If this is the decision problem that you meant (and please correct me if I have misunderstood), then it is not decidable. The reason is that we cannot even decide whether two real numbers $c$ and $d$ are equal (imagine giving a "yes" answer after finitely many steps of computation, which can inspect only finitely much of $c$ and $d$; one could change the reals in an uninspected part). It follows that, similarly, the question $c\leq d$ for real numbers is undecidable. But the question of $c\leq d$ is equivalent to the validity of the system $F=$ $(x\geq c)\vee(x\leq d)$' in your system, which can be expressed as $(x\geq c)\vee(-x\geq -d)$. So your decision problem is not decidable, even for instances having no integer parameters.
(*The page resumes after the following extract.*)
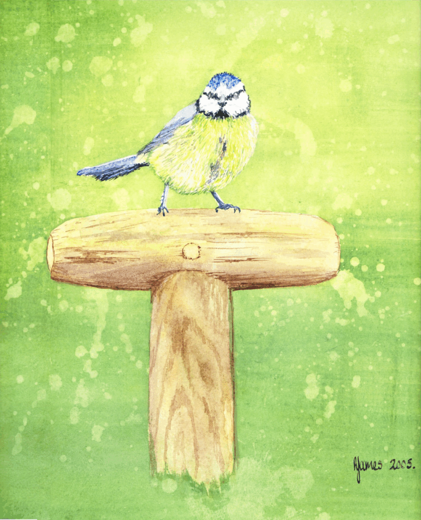 Inspired by all of the Blue Tit visitors to our garden, this painting is in watercolour and is mounted on an oval mount card highlighting the bird and shovel handle.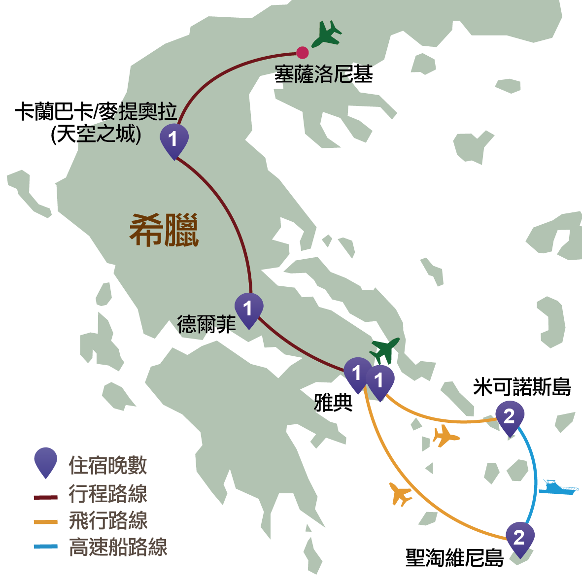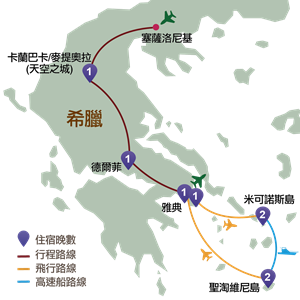 塞薩洛尼基、卡蘭巴卡、麥提奧拉(天空之城)、德爾菲、雅典、米可諾斯島、聖淘維尼島

This argument actually shows that the decision problem of your system is not even semi-decidable, for if we could get the yes answers for validity in your system, then we could recognize positive instances of $c\leq d$, and we can already recognize instances of $d\lt c$, since any such inequality is revealed by a finite stage of inspecting $c$ and $d$, if given for example as Cauchy sequences with known convergence. Thus, by combining the two algorithms, we would be able to decide $c\leq d$, which we cannot. 

Since your decision problem involves real constants, it would make sense to analyze it with some of the other infinitary notions of computability, such as [Blum-Shub-Smale model](http://en.wikipedia.org/wiki/Blum%E2%80%93Shub%E2%80%93Smale_machine), where equality of reals is decidable. And for the BSS model, I'm not sure how it comes out.